Launch a mapreduce job from eclipse

I've written a mapreduce program in Java, which I can submit to a remote cluster running in distributed mode. Currently, I submit the job using the following steps:
export the mapreuce job as a jar (e.g. myMRjob.jar)
submit the job to the remote cluster using the following shell command: hadoop jar myMRjob.jar
I would like to submit the job directly from Eclipse when I try to run the program. How can I do this?
I am currently using CDH3, and an abridged version of my conf is:
conf.set("hbase.zookeeper.quorum", getZookeeperServers());
conf.set("fs.default.name","hdfs://namenode/");
conf.set("mapred.job.tracker", "jobtracker:jtPort");
Job job = new Job(conf, "COUNT ROWS");
job.setJarByClass(CountRows.class);
// Set up Mapper
TableMapReduceUtil.initTableMapperJob(inputTable, scan,
CountRows.MyMapper.class, ImmutableBytesWritable.class,
ImmutableBytesWritable.class, job);
// Set up Reducer
job.setReducerClass(CountRows.MyReducer.class);
job.setNumReduceTasks(16);
// Setup Overall Output
job.setOutputFormatClass(MultiTableOutputFormat.class);
job.submit();
When I run this directly from Eclipse, the job is launched but Hadoop cannot find the mappers/reducers. I get the following errors:
12/06/27 23:23:29 INFO mapred.JobClient: map 0% reduce 0%
12/06/27 23:23:37 INFO mapred.JobClient: Task Id : attempt_201206152147_0645_m_000000_0, Status : FAILED
java.lang.RuntimeException: java.lang.ClassNotFoundException: com.mypkg.mapreduce.CountRows$MyMapper
at org.apache.hadoop.conf.Configuration.getClass(Configuration.java:996)
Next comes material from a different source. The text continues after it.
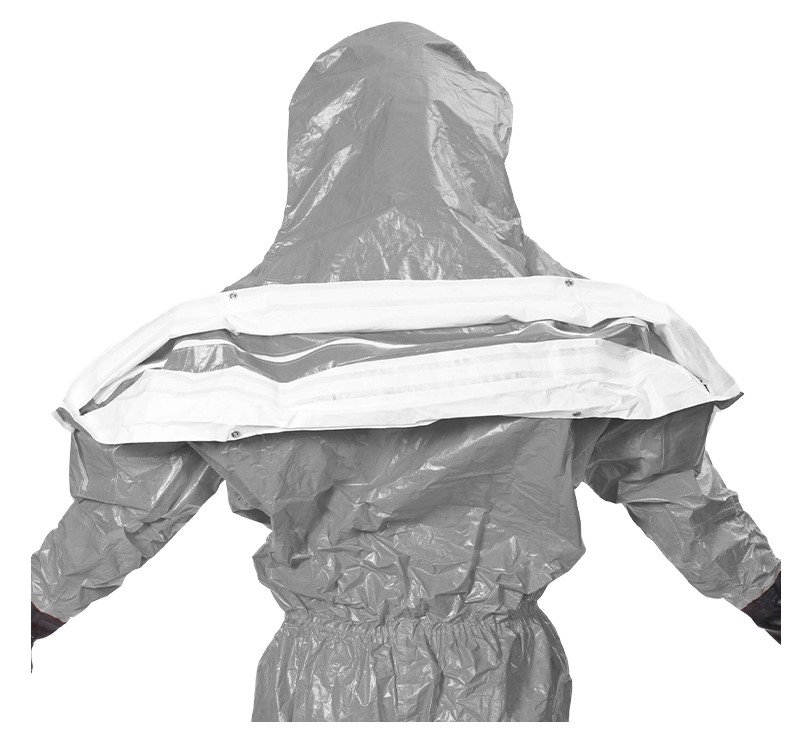 Hergestellt wird der Anzug aus Tychem F, selbiges ist ein leichtes, widerstandsfähiges Material und bietet eine hohe Barriere gegen die Permeation einer Vielzahl von Chemikalien und schützt den Träger vor zahlreichen organischen und hochkonzentrierten anorganischen Chemikalien. Antistatisch ausgerüstet ist es ebenfalls.

at org.apache.hadoop.mapreduce.JobContext.getMapperClass(JobContext.java:212)
at org.apache.hadoop.mapred.MapTask.runNewMapper(MapTask.java:602)
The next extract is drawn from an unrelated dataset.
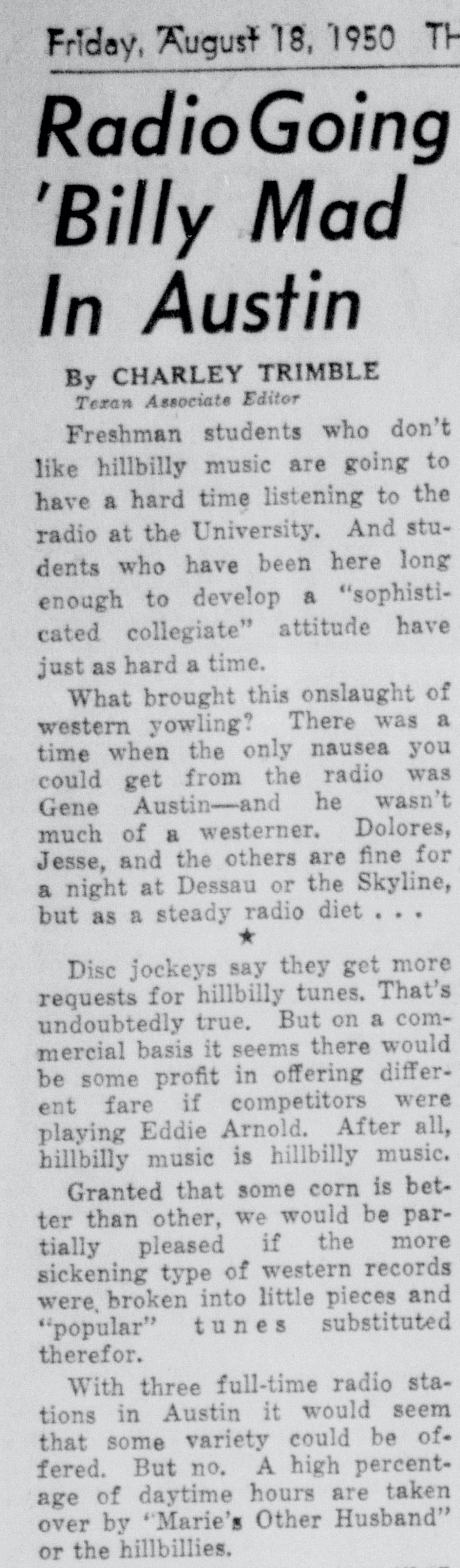 - Charley Trimble, “Radio Going ’Billy Mad in Austin,” The Daily Texan (August 18, 1950). ⏎

at org.apache.hadoop.mapred.MapTask.run(MapTask.java:323)
at org.apache.hadoop.mapred.Child$4.run(Child.java:270)
at java.security.AccessController.doPrivileged(Native Method)
at javax.security.auth.Subject.doAs(Subject.java:396)
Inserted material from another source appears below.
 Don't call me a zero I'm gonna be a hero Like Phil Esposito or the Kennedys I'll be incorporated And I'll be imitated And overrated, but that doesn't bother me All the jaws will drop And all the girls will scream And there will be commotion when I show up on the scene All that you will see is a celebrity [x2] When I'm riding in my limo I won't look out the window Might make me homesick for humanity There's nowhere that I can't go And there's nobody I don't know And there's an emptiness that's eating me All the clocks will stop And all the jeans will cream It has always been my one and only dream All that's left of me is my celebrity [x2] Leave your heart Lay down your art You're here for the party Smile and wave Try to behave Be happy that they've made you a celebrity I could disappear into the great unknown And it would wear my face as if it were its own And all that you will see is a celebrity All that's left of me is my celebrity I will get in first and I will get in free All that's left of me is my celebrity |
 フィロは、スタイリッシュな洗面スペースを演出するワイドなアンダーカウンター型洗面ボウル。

at org.apache.hadoop.security.UserGroupInformation.doAs(UserGroupInformation.java:1127)
at org.apache.hadoop.mapred.Child.main(Child.java:264)
...
Does anyone know how to get past these errors? If I can fix this, I can integrate more MR jobs into my scripts which would be awesome!
If you're submitting the hadoop job from within the Eclipse project that defines the classes for the job then you most probably have a classpath problem.
The job.setjarByClass(CountRows.class) call is finding the class file on the build classpath, and not in the CountRows.jar (which may or may not have been built yet, or even on the classpath).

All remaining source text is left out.